= Daniel Eliott =

Scottish civil servant (1798–1872)

Sir Daniel Eliott (3 March 1798 – 30 October 1872) was a Scottish civil servant in British India and governor of Madras.

==Biography==
Eliott was the fourth son of Sir William Eliott, 6th Baronet and was born at Stobs Castle, Roxburghshire . He was educated at the University of Edinburgh, and Haileybury. having received a nomination for the East India Company's civil service, proceeded to Madras in 1817. He soon showed a decided aptitude for the study of Indian languages and Indian law. In 1822 he was appointed deputy Tamil translator, and in 1823 Maráthá translator to the Madras government, and deputy secretary to the board of revenue. In 1827 he became secretary to the board of revenue and in 1836 a member of the board. In December 1838 he was nominated, on account of his profound knowledge of the laws and customs of the
Madras presidency, to be the Madras member of the Indian law commission then sitting at Calcutta under the presidency of Macaulay to draw up the Indian codes.

On 15 February 1848, he was appointed a member of the council at Madras, and in 1850 became president of the revenue, marine, and college boards of that government, and he returned to England in 1853 on completing his five years in that office. He did not expect to return to India, but when the East India Company decided in 1854 to form a supreme legislative council for all India, Eliott was appointed to represent Madras upon it. He accepted and remained in Calcutta as member of the legislative council until 1859 when he left India finally.
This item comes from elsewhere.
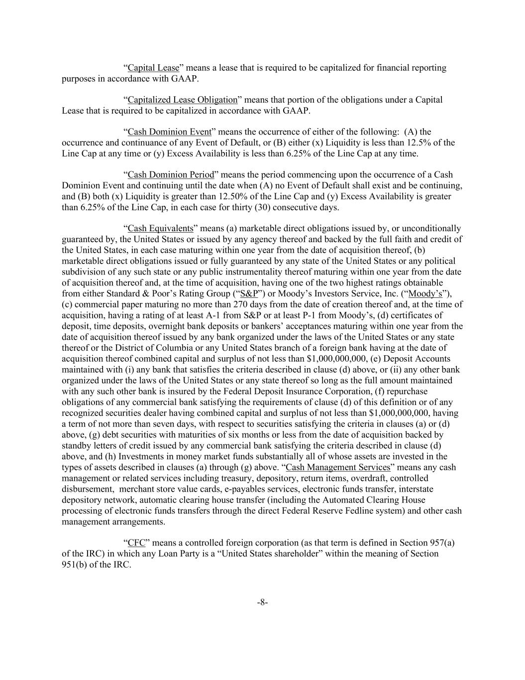 -8- “Capital Lease” means a lease that is required to be capitalized for financial reporting purposes in accordance with GAAP. “Capitalized Lease Obligation” means that portion of the obligations under a Capital Lease that is required to be capitalized in accordance with GAAP. “Cash Dominion Event” means the occurrence of either of the following: (A) the occurrence and continuance of any Event of Default, or (B) either (x) Liquidity is less than 12.5% of the Line Cap at any time or (y) Excess Availability is less than 6.25% of the Line Cap at any time. “Cash Dominion Period” means the period commencing upon the occurrence of a Cash Dominion Event and continuing until the date when (A) no Event of Default shall exist and be continuing, and (B) both (x) Liquidity is greater than 12.50% of the Line Cap and (y) Excess Availability is greater than 6.25% of the Line Cap, in each case for thirty (30) consecutive days. “Cash Equivalents” means (a) marketable direct obligations issued by, or unconditionally guaranteed by, the United States or issued by any agency thereof and backed by the full faith and credit of the United States, in each case maturing within one year from the date of acquisition thereof, (b) marketable direct obligations issued or fully guaranteed by any state of the United States or any political subdivision of any such state or any public instrumentality thereof maturing within one year from the date of acquisition thereof and, at the time of acquisition, having one of the two highest ratings obtainable from either Standard & Poor’s Rating Group (“S&P”) or Moody’s Investors Service, Inc. (“Moody’s”), (c) commercial paper maturing no more than 270 days from the date of creation thereof and, at the time of acquisition, having a rating of at least A-1 from S&P or at least P-1 from Moody’s, (d) certificates of deposit, time deposits, overnight bank deposits or bankers’ acceptances maturing within one year from the date of acquisition thereof issued by any bank organized under the laws of the United States or any state thereof or the District of Columbia or any United States branch of a foreign bank having at the date of acquisition thereof combined capital and surplus of not less than $1,000,000,000, (e) Deposit Accounts maintained with (i) any bank that satisfies the criteria described in clause (d) above, or (ii) any other bank organized under the laws of the United States or any state thereof so long as the full amount maintained with any such other bank is insured by the Federal Deposit Insurance Corporation, (f) repurchase obligations of any commercial bank satisfying the requirements of clause (d) of this definition or of any recognized securities dealer having combined capital and surplus of not less than $1,000,000,000, having a term of not more than seven days, with respect to securities satisfying the criteria in clauses (a) or (d) above, (g) debt securities with maturities of six months or less from the date of acquisition backed by standby letters of credit issued by any commercial bank satisfying the criteria described in clause (d) above, and (h) Investments in money market funds substantially all of whose assets are invested in the types of assets described in clauses (a) through (g) above. “Cash Management Services” means any cash management or related services including treasury, depository, return items, overdraft, controlled disbursement, merchant store value cards, e-payables services, electronic funds transfer, interstate depository network, automatic clearing house transfer (including the Automated Clearing House processing of electronic funds transfers through the direct Federal Reserve Fedline system) and other cash management arrangements. “CFC” means a controlled foreign corporation (as that term is defined in Section 957(a) of the IRC) in which any Loan Party is a “United States shareholder” within the meaning of Section 951(b) of the IRC.

When the Order of the Star of India was extended in 1866, and divided into three classes, Eliott was the first Madras civilian to receive the second class, and he became a Knight Commander of the Order in 1867.

Eliott died at The Boltons, West Brompton, on 30 October 1872.

==Family==
In 1818 Eliott married Georgina Russell, daughter of General George Russell of the Bengal army, and together they had six daughters and four sons.